Bersama dengan negara-negara lainnya, Indonesia berkomitmen untuk memerangi ketimpangan baik di dalam negara sendiri maupun antar negara sebagai bagian dari Tujuan Pembangunan Berkelanjutan (SDG 10). Di tingkat nasional, Indonesia telah menunjukkan komitmennya terhadap SDG 10 melalui Rencana Pembangunan Jangka Menengah Nasional (RPJMN) 2020-2024, yang bertujuan untuk mengurangi ketimpangan antar wilayah dan antar kelompok penduduk di antara tujuh agenda pembangunan tingkat tinggi.

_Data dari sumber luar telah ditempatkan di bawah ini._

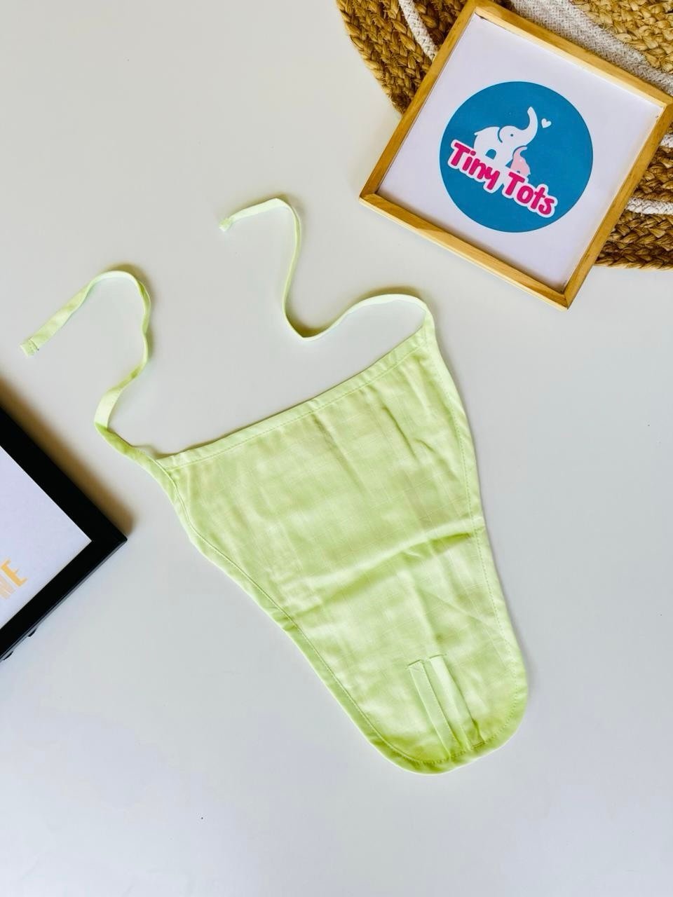 The lightweight and highly absorbent muslin fabric keeps your baby dry and cozy, making it ideal for daily wear. Its adjustable tie-knot closure ensures a snug yet comfortable fit, allowing your baby to move freely without any discomfort.

Secara praktik, peta jalan SDG Indonesia bertujuan untuk mengurangi ketimpangan melalui paket kebijakan pertumbuhan yang “berpihak pada rakyat miskin” dan sensitif terhadap kerentanan. Ini termasuk kebijakan fiskal yang mendukung redistribusi, membuat sistem pajak lebih adil, meningkatkan kebijakan untuk usaha mikro, kecil dan menengah, memperkuat ekonomi pedesaan, perubahan pada akses lahan dan menstabilkan harga pangan.

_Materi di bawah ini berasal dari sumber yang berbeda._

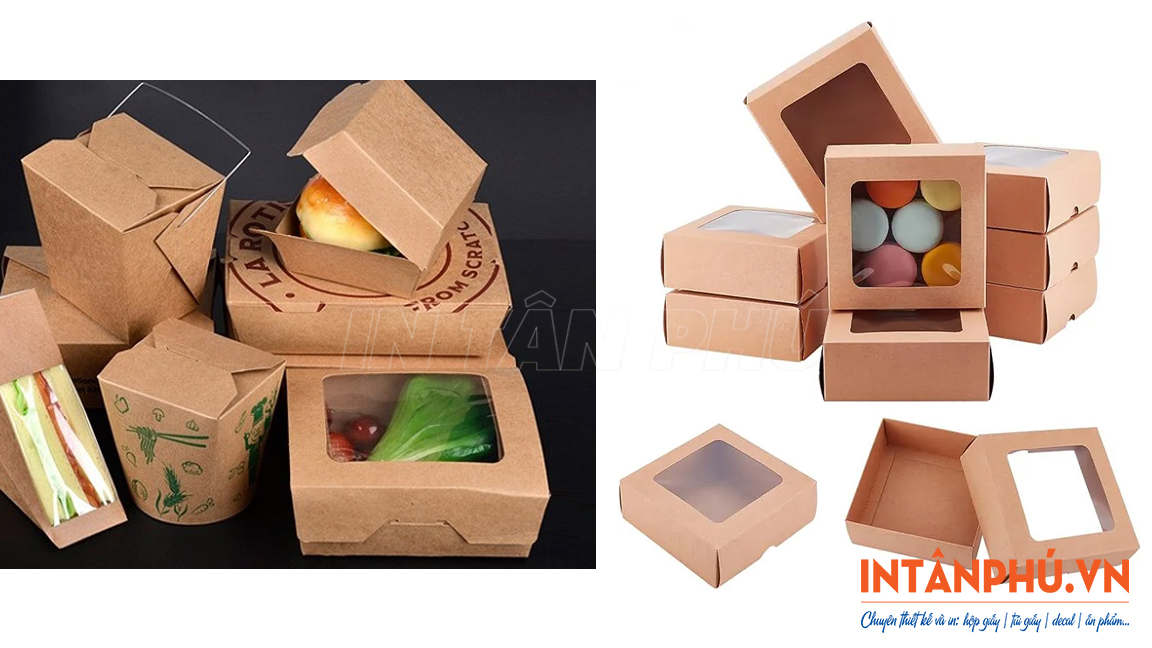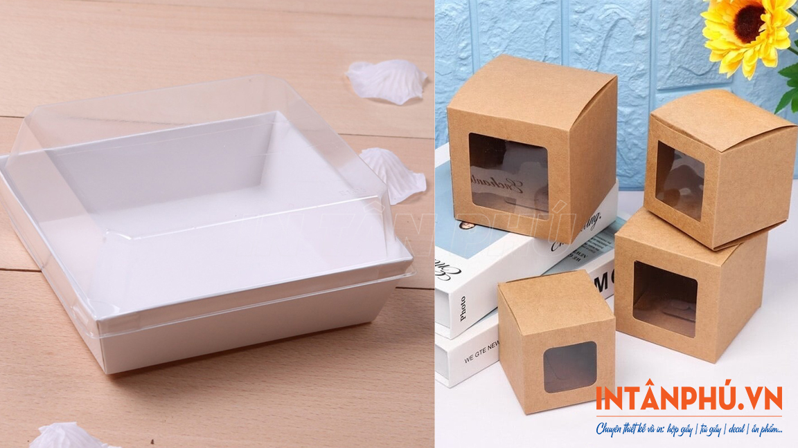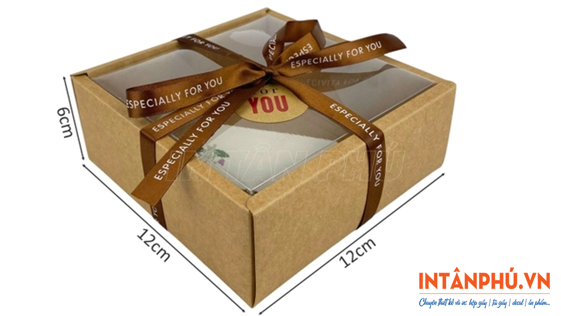 • Hộp Kraft vuông có cửa sổ: Tạo điểm nhấn bằng ô cửa trong suốt, giúp khách hàng nhìn thấy sản phẩm bên trong.

Namun masalah ketimpangan di Indonesia masih besar, dan sudah berlangsung selama beberapa dekade. Mulai dari masa kolonial hingga tahun-tahun yang tidak menentu setelah kemerdekaan, lalu masa pertumbuhan intensif di bawah pemerintahan otoriter, hingga kehancuran dan pemulihan ekonomi. Menurut World Inequality Report, saat ini 10 persen penduduk terkaya berpenghasilan sekitar 19 kali lipat dari 50 persen penduduk termiskin di Indonesia. Meskipun terjadi peningkatan signifikan dalam pendapatan rata-rata di Indonesia dari tahun 1950-an hingga hari ini, kesenjangan antara si kaya dan si miskin tidak berkurang, dan hampir sama lebarnya dengan kesenjangan terlebar dalam beberapa dekade terakhir.